Wed Mar 9 12:57:11 UTC 2011

On Tuesday, 8th March 2011, Chris Forgeron wrote:

>Have you make sure it's not always the same drives with the checksum
>errors? It make take a few days to know for sure..

Of the 12 disks, only 1 has been error-free.  I've been doing this for
about 10 days now and there is no pattern that I can see in the errors.

>It shouldn't matter which NFS client you use, if you're seeing ZFS
>checksum errors in zpool status, that won't be from whatever program
>is writing it.

I'm mounting another server using NFS to get my 1TB of test data, so
the problem box is the NFS client, not the server.  Sorry if there was
any confusion.

I had a theory that there was a race in the NFS client or perhaps the
code that steal memory from ZFS's ARC when NFS needs it.  However, that
seems less likely now as I have done the same 1TB test copy again today
but this time using ssh as the transport.  I saw the same ZFS checksum
errors as before. :-(

>..oh, and don't forget about fun with Expanders. I assume you're using one?

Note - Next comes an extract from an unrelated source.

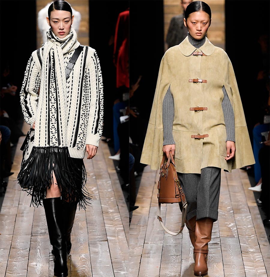 Nous pouvons continuer à énumérer les styles qui ont inspiré les designers, mais jetons maintenant un coup d'œil à la nouvelle collection Michael Kors. Le designer y a combiné avec succès le confort, la sensation de chaleur et de convivialité d'une maison de campagne avec l'élégance et le luxe dans un environnement urbain.

No.  This board has 14 ports made up of 6 native and 8 from the LSI2008
chip on the PIKE card.  Each is cabled directly to a drive.

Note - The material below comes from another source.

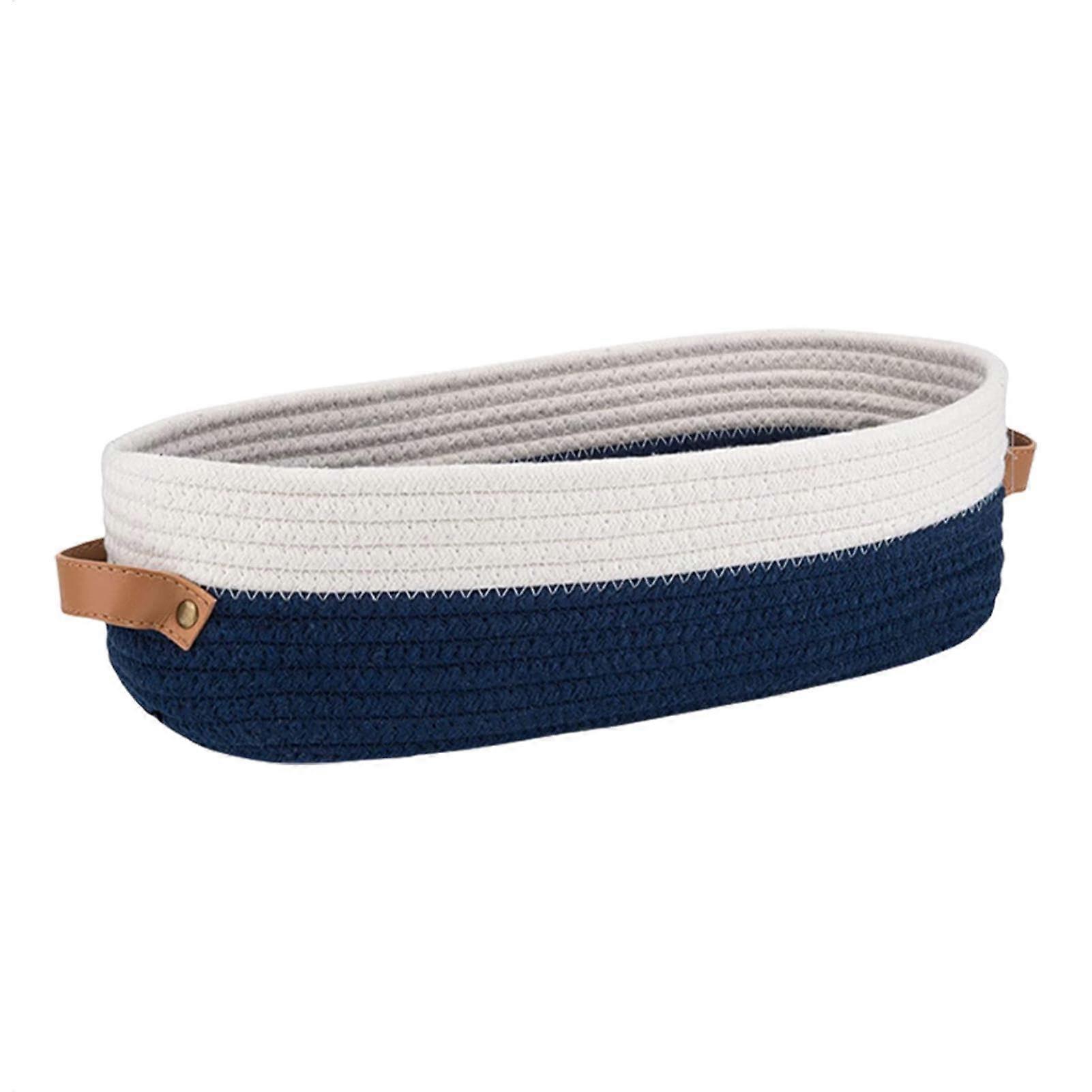 Cotton Rope Basket | Large Soft Storage Bin for Toys, Books, and Toiletries | Blue and White Organizer for Bedrooms and Bathrooms

>I've got 2 LSI2008 based controllers in my 9-Current machine without
>any fuss. That's running a 24 disk Mirror right now.

That's encouraging news.  Maybe I can win eventually.

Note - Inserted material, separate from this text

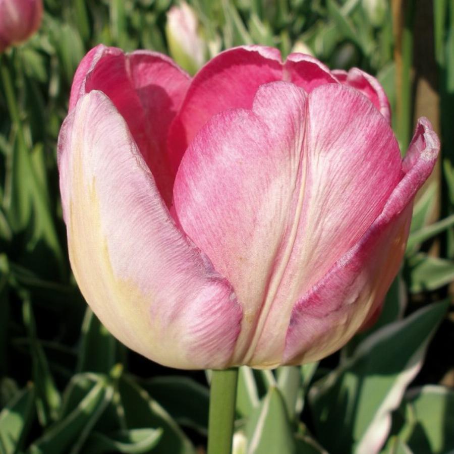 Класс 3. Триумф тюльпаны. Окраска цветка светло-желтая с переходом в яблонево-розовую, края лепестков фуксиново-красные. Растения с эффектными листьями-беловатая штриховая полоса по краю. Экзотика.

On Tuesday, 8th March 2011, Mark Felder wrote:
>Highly interested in what FreeBSD version and what ZFS version and zpool  
>version you're running.

I was using 8.2-release plus the mps driver from 8.2-stable.  Hence
the filesystem version is 4 and pool version is 15.  But I installed
-current a few days ago while keeping the same pool and found that the
errors still occurred.  The v28 code has extra locking in interesting
places but it made no difference to the checksum errors.

As of today, I've destroyed the pool and built a version 28 pool (fs
version 5) on a subset of disks (those attached to the onboard
controller).  I'll know by tomorrow how that went.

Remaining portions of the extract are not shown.